Hexadecimal	Decimal	Binary
0	0	0	0	0	0
1	1	0	0	0	1
2	2	0	0	1	0
3	3	0	0	1	1
4	4	0	1	0	0
5	5	0	1	0	1
6	6	0	1	1	0
7	7	0	1	1	1
8	8	1	0	0	0
9	9	1	0	0	1
A	10	1	0	1	0
B	11	1	0	1	1
C	12	1	1	0	0
D	13	1	1	0	1
E	14	1	1	1	0
F	15	1	1	1	1

Binary coded decimal (BCD) numbers

In most microprocessor-based systems, data are entered and displayed in decimal numbers. However, the data processing inside the microprocessor is performed in binary. The data are entered through a decimal keyboard, and the monitor program of the system converts each key into an equivalent 4-bit binary number.
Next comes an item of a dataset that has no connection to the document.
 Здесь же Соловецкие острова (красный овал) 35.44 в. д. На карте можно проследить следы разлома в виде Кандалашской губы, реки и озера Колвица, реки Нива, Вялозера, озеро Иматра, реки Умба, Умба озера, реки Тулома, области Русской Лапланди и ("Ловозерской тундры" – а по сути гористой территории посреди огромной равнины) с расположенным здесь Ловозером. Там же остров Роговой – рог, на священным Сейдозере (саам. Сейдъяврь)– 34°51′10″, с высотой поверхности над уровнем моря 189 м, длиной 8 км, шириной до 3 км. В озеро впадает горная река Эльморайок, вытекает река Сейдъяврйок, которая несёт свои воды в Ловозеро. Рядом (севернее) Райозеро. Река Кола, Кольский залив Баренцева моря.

This is known as a binary-coded decimal (BCD) number. After conversion, two BCD numbers are stored in an 8-bit register or a memory location. These numbers are called packed BCD.

ASCII code

The American Standard Code for Information Interchange (ASCII) is commonly used in data communication. It is a seven-bit code, and its 128 (2⁷) combinations are assigned different alphanumeric characters.

For example, the hex numbers 30H to 39H represent 0 to 9 ASCII decimal numbers, and 41H to 5AH represent capital letters A through Z. In this code, bit D7 is zero. When an ASCII character is entered through an ASCII keyboard, the microprocessor receives the binary equivalent of an ASCII hex number.